Re: defenition of a "cold bore shot"
Problem with LE is they are stuck in 1982 with a lot of their thinking, let alone their training.
There are smarter ways to operate, new techniques that go largely ignored. Its one of the primary reasons you won't see a majority of LE around any type of civilian competition because it bruises their ego when they can't hold their own very well.
Issues most tactical shooters see as a detriment to accuracy go largely unnoticed because they simply don't train effectively and miss these problems. They are happy to be within that 1 MOA regardless of reasons, and in any direction. Not all, and I don't mean this to be a blanket statement, and much of it is out of the individual officers hands, but they are definitely behind the curve when it comes to employing a precision rifle.

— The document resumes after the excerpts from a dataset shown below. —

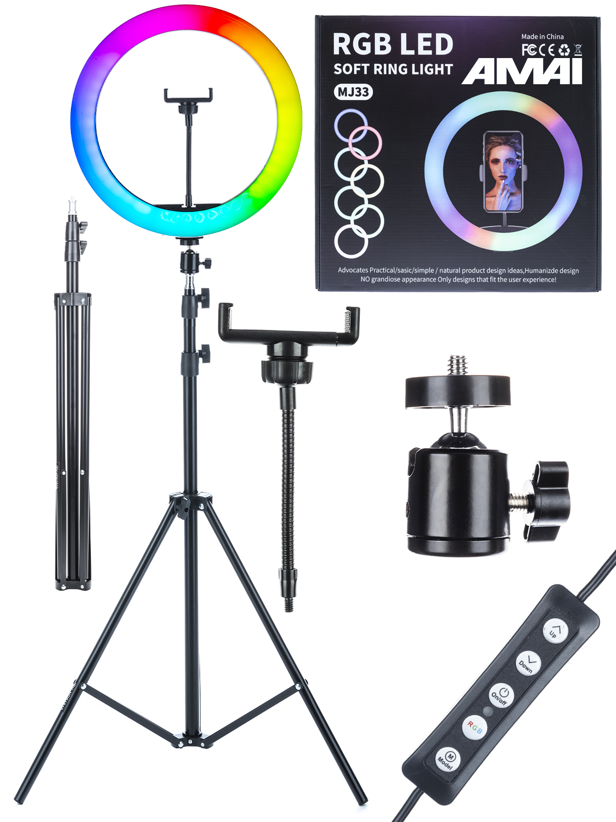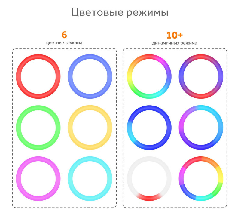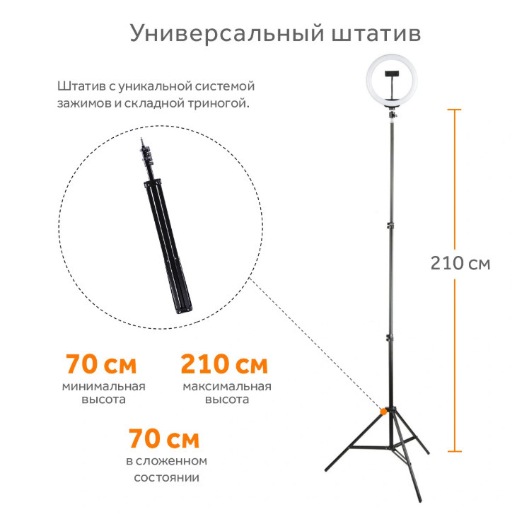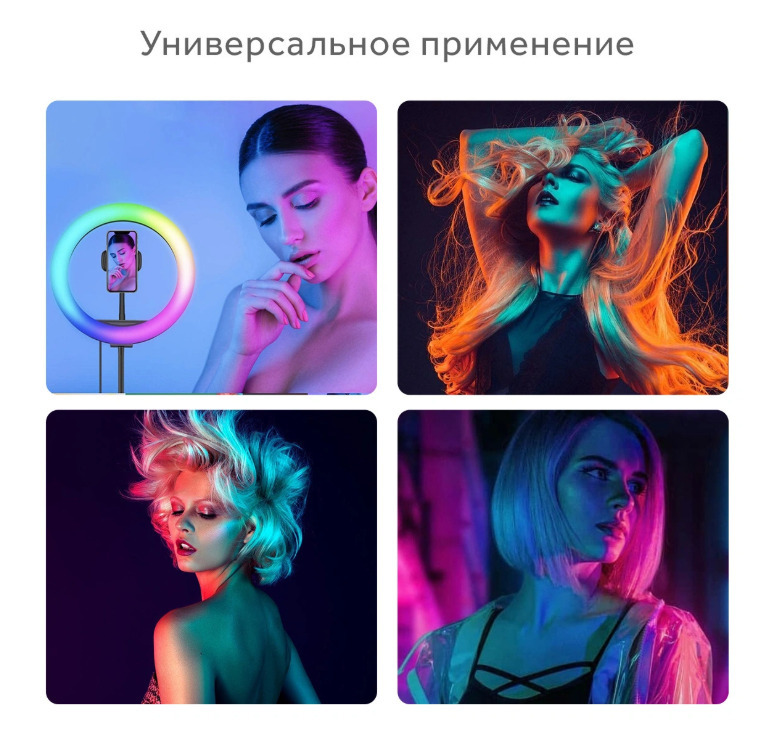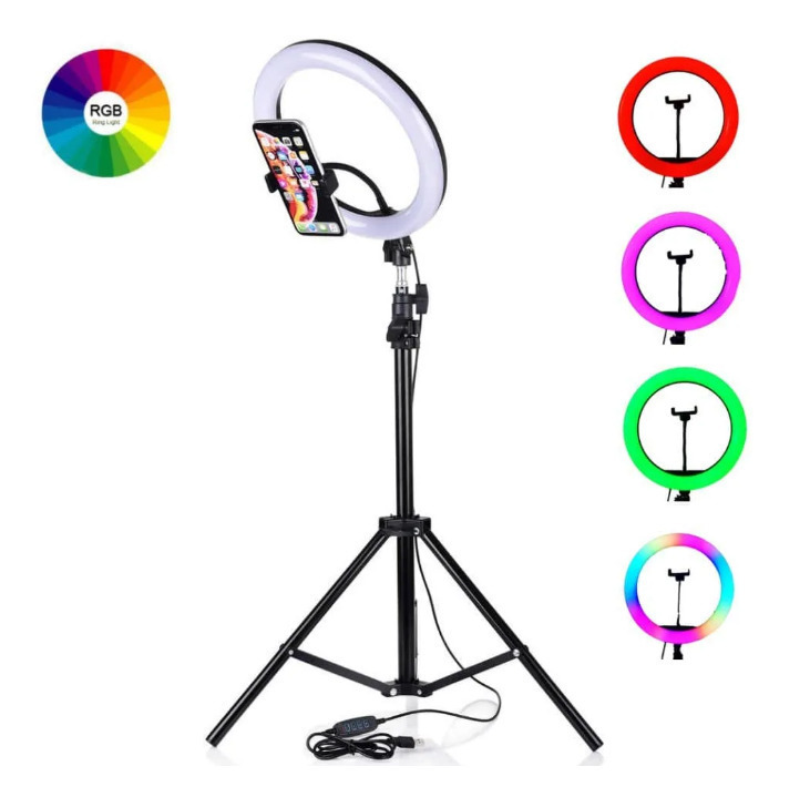 Описание: Кольцевая лампа RGB LED MJ33 является самой уникальной и прогрессивной на сегодняшний день. Лампа MJ33 подойдет как бьюти-мастерам (визажистам, бровистам, стилистам), так и блоггерам, фотографам и любителям качественного фото. Поддержка RGB многоцветного режима освещения (переключаемый цвет) красный, синий, зеленый, голубой, салатовый, сиреневый + все это моргает, переливается, мигает, плавно переливается и меняет цвет, так же могут все эти цвета гореть одновременно в одном кольце, может быть бегающий по кругу цвет, также  возможен уровень двух цветов в одном кругу, режим теплого света, режим белого света и нейтральный режим освещения, чтобы удовлетворить любые потребности в освещении. Свет переключается с помощью пульта расположенного на проводе. Данная лампа позволит осветить больше места. Светодиоды, в зависимости от выбранного режима, осветят ваше лицо мягко и аккуратно, либо подарят студийную подсветку, или же, дадут освещение, подобное ярким софитам. Не стоит, конечно, забывать о том, что главным преимуществом таких изделий является отсутствие бликов и то, что свет рассеивается равномерно. Каждый специалист, в первую очередь, в данной кольцевой лампе отметит существование вариативной цветовой температуры и индекса цветопередачи, что делает в свою очередь ее более привлекательной для многих высококвалифицированных специалистов в различных областях, где необходим качественный свет.Данное изделие может быть приобретено не только с целью профессиональной деятельности, но и для домашнего использования, поскольку оно имеет маленький вес и обладает компактностью. В связи с тем, что данная кольцевая лампа оснащена большим количеством лампочек, она может стать незаменимой, как в домашнем обиходе, так и для осуществления собственной профессиональной деятельности в любых отраслях. В комплекте с лампой идет металлический штатив размером от 70 до 210 см с держателем для телефона шириной 6 - 9 см на гибкой ножке.
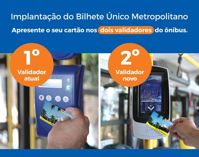 O sistema de Bilhetagem Eletrônica dos sistemas municipais de Vitória e de Vila Velha (Sanremo e verdinhos) está sendo modernizado e preparado para a implantação do Bilhete Único Metropolitano. Ao apresentar o cartão nos dois validadores, no período de 20 de julho a 16 de agosto, todos os dados do usuário, incluindo os créditos existentes vão migrar para o novo sistema. Isso vai evitar que o usuário precise trocar o seu cartão.
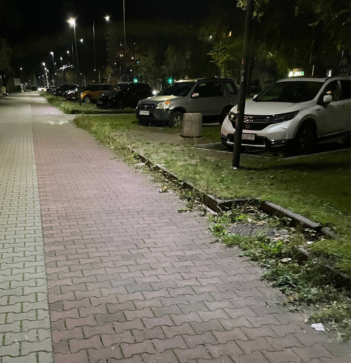 Zarośnięte obrzeża ścieżki rowerowej i chodnik wzdłuż parkingu Tychy al. Bielska
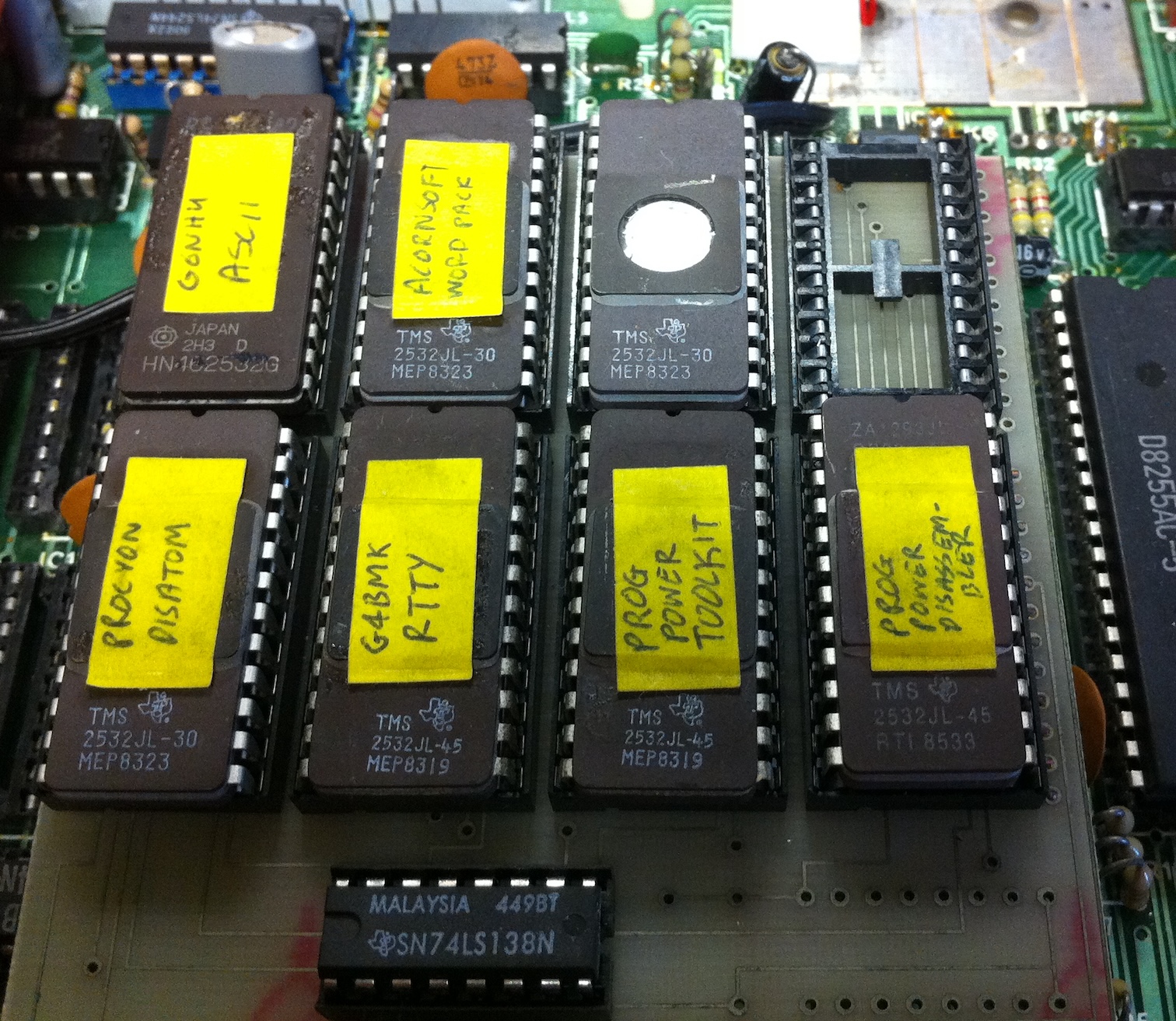 The RTTY software I used was written by G4BMK and was supplied on EPROM. Here it is inside the Acorn Atom on an EPROM expansion board. You’ll notice there’s one called G6NHU ASCII. At the time, a group of us were also experimenting with different data modes over the air and I wrote some software to send and receive ASCII so my log is strewn with comments about “testing ASCII, failed” or “ASCII test, all worked“. It must have been reliable in the end otherwise I wouldn’t have blown the software to an EPROM.
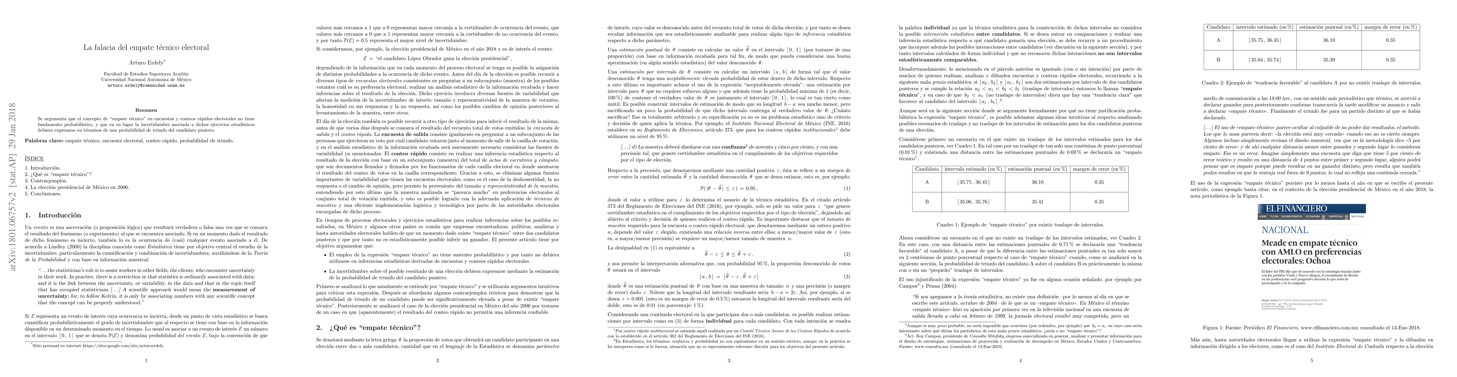 Summary: The paper argues that the concept of "technical tie" in electoral polls lacks a probabilistic basis and should instead express uncertainty in terms of the probability of victory for the leading candidate. It critiques the use of "technical tie" in quick counts and electoral statistics.
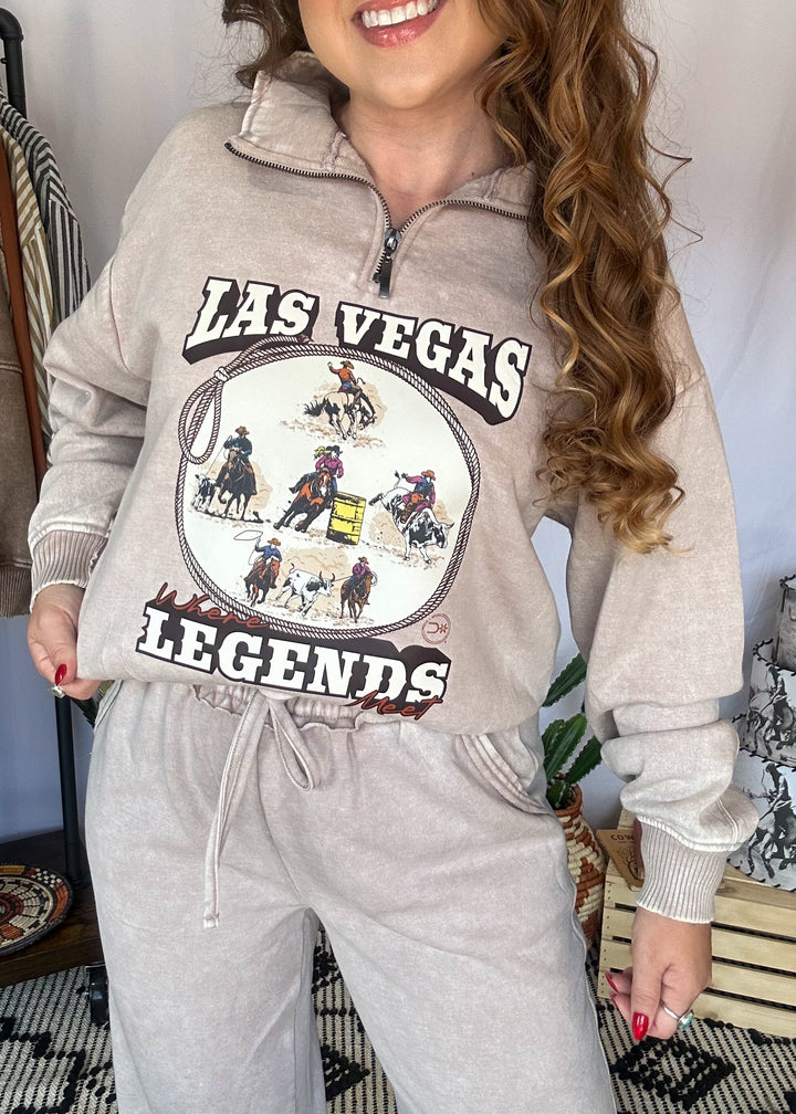 ✔️ Vintage “Las Vegas Legends” rodeo graphic on the quarter-zip pullover
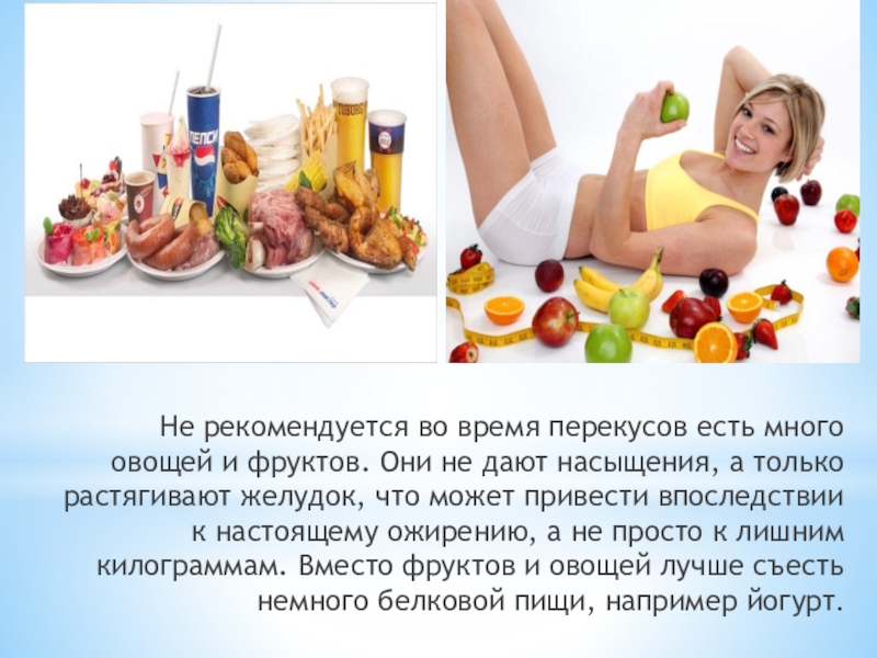 не дают насыщения, а только растягивают желудок, что может привести впоследствии к настоящему ожирению, а не просто к лишним килограммам. Вместо фруктов и овощей лучше съесть немного белковой пищи, например йогурт.
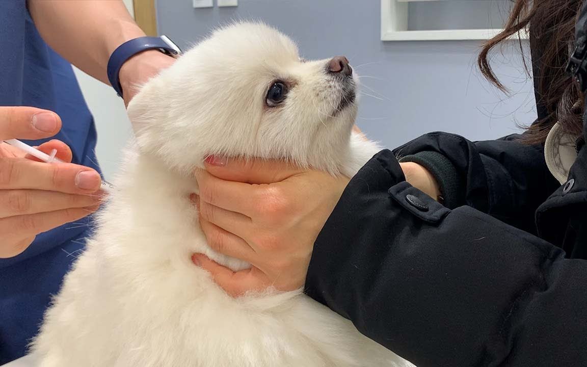 The Pomeranian dog eats sausage rice cake and pork rice cake online. It’s so delicious to chew!
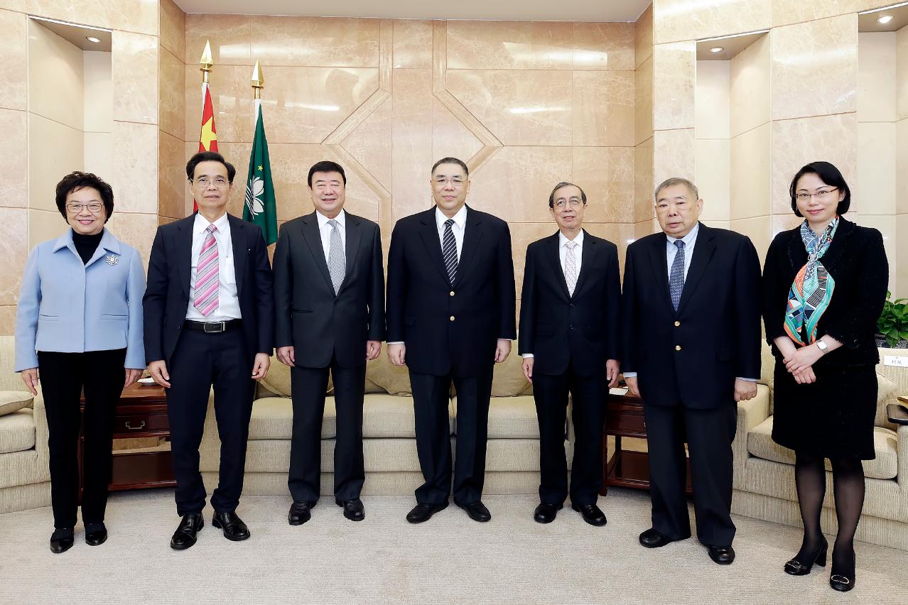 行政長官崔世安今(11)日上午在政府總部會見全國政協常委廖澤雲、馬有禮、梁華及全國政協經濟委員會副主任崔世昌和全國政協港澳台僑委員會副主任賀定一,廖澤雲代表澳區全國政協委員呈交澳門非高等教育階段“國民教育”調查研究報告。雙方並就持續優化和提升澳門特別行政區的國民教育交換意見。
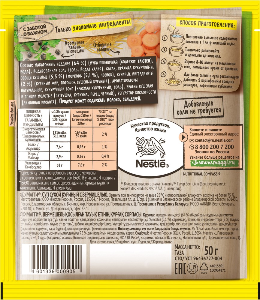 СУП МАГГИ КУРИНЫЙ С ВЕРМИШЕЛЬЮ 50ГР

A lot of their classes preach cleaning after a very low number of shots, and really, preach over cleaning which is far worse for a precision rifle than shooting it dirty will ever be. It's institutional incest that creates training scars and those scars are handed down -- over and over again, for a very long time now. If you are cleaning it with less than 10 rounds down the tube, and cleaning it with solvents, you are way behind the times. These solvents begin to attack to the bore because really, there is nothing else there for them to work on. It's a sad state of affairs when a guy is taught to operate this way. Much of comes from the old days in the military when down time was taken up cleaning weapons to inspection clean status. Nobody put together it was simply to keep 20 year olds busy so they won't get into trouble and not because it was healthy for the system. When there is nothing else to do, you can always clean a weapon, this carried over. Luckily you don't see it as much in the military as they progressed in this regard, LE not so much.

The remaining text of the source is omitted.